All my life I’ve loved — worshipped — what Stephen Sondheim‘s music can do for the human heart. Blend this with a tragic, grand guignol metaphor about how we’re all caught up with some issue of the past — needing on some level to pay the world back for the hurt and the woundings. Add to this Burton’s exquisite visual panache and precision, the drop-dead beautiful, near monochromatic color, the ravishing production design and…pardon me for sounding like a pushover, but this movie pushes over.
At times it melted me like a candle. I was lifted, moved. I was never not aroused. Every frame is a painting and a pageant and a falling tear.
Johnny Depp is fantastic as the Demon Barber of Fleet Street — he has to be a Best Actor candidate as of this moment. Helena Bonham Carter can’t sing very well but she’s great anyway. Alan Rickman, Timothy Spall, Jamie Campbell Bower (a major new arrival), Jayne Wisener, Sascha Baron Cohen…everyone fills the bill.
Sweeney Todd is a locked Best Picture contender at this stage. It’s too beautifully made, too full of feeling, too exquisitely performed to shunt aside. But it won’t win because of the blood.
I was lifted, touched, moved, melted…and also showered and sprayed. And I’m sorry for this. If only Burton had held back and focused harder on the metaphor of a man consumed by bitterness, determined to pay back those who ruined his life…if he’d only elected to turn away and not indulge his B-movie director’s fetish for the gushing red vino, as if from a garden hose or a fire hydrant. The film is its own tragedy, in a way. So near and yet so far.
Something very deep-down kicks in when a human being is killed or mutilated or both. It’s horrible and ghastly, and the spirit naturally recoils unless — and this is a very big “unless” — the style and the context turn it around and redefine it in some way.
Al I know for sure is that I was mesmerized. I loved the duets, the look of it, the control, the poise, the ache, the tragedy. This is a major, major film. Way up there. Better, impact-wise than the B’way stage version I saw a couple of years ago with Patti Lupone. The finest big-time movie musical since the under-appreciated Evita, which I feel is Alan Parker‘s best film ever.

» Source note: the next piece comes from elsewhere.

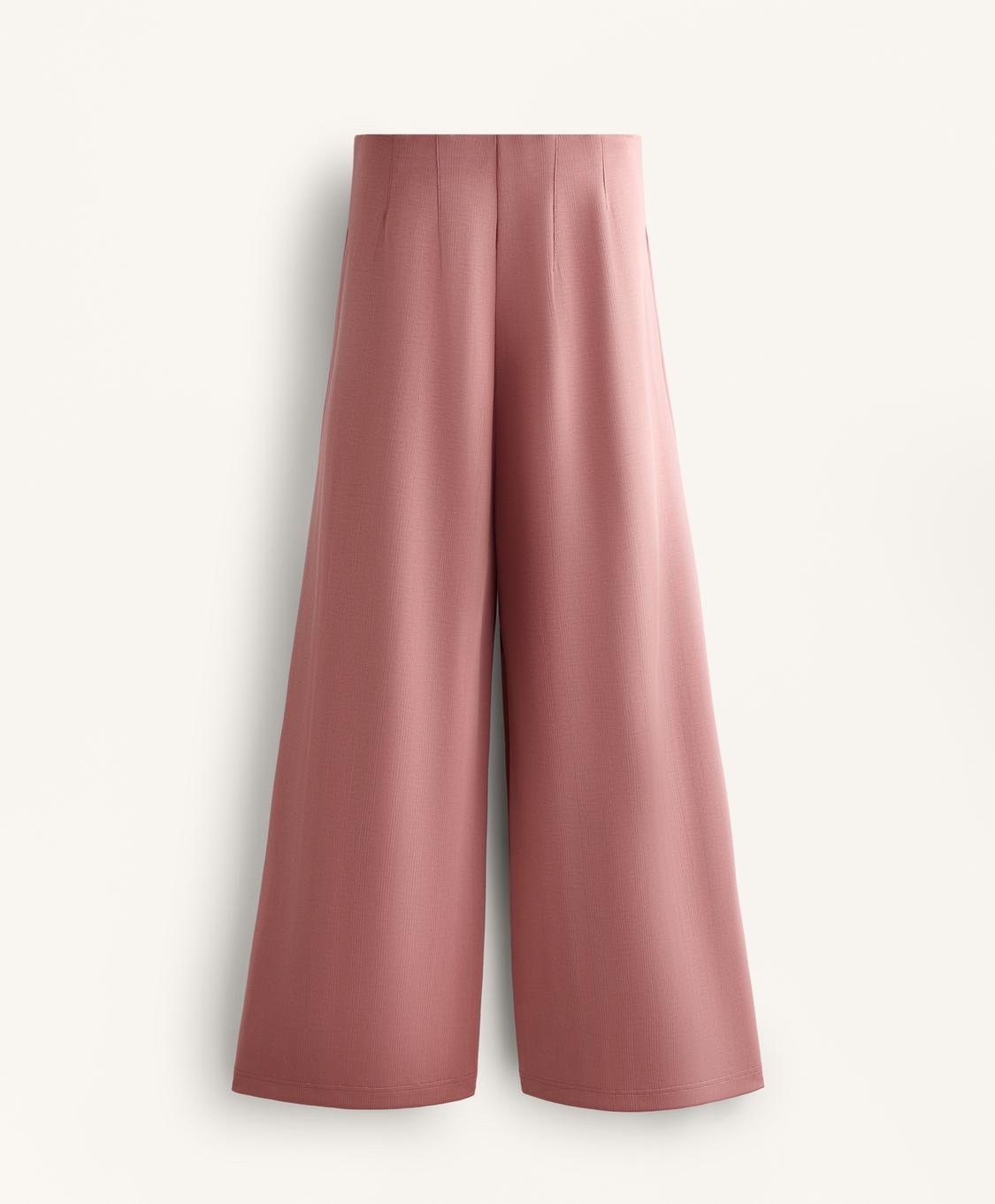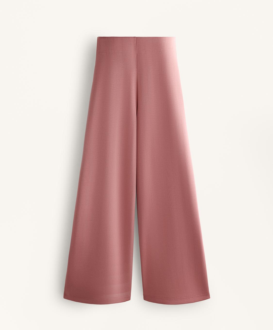 Широкие брюки с высокой посадкой, эластичным поясом и передними карманами. Украшены едва заметными вертикальными полосками.

So into the top-five slot it goes and let the back-and-forth begin. It almost certainly won’t win the Best Picture Oscar because Burton, intractable mule that he is, allows a gore fetish to override the emotion and the metaphor and the beauty. Okay, perhaps not “override” but he gives too much exposure and power to the plasma. But this is still a masterful work. Heart-stopping, heart-lifting. I came close to tears several times, and I don’t like admitting this stuff because people use it against you later on.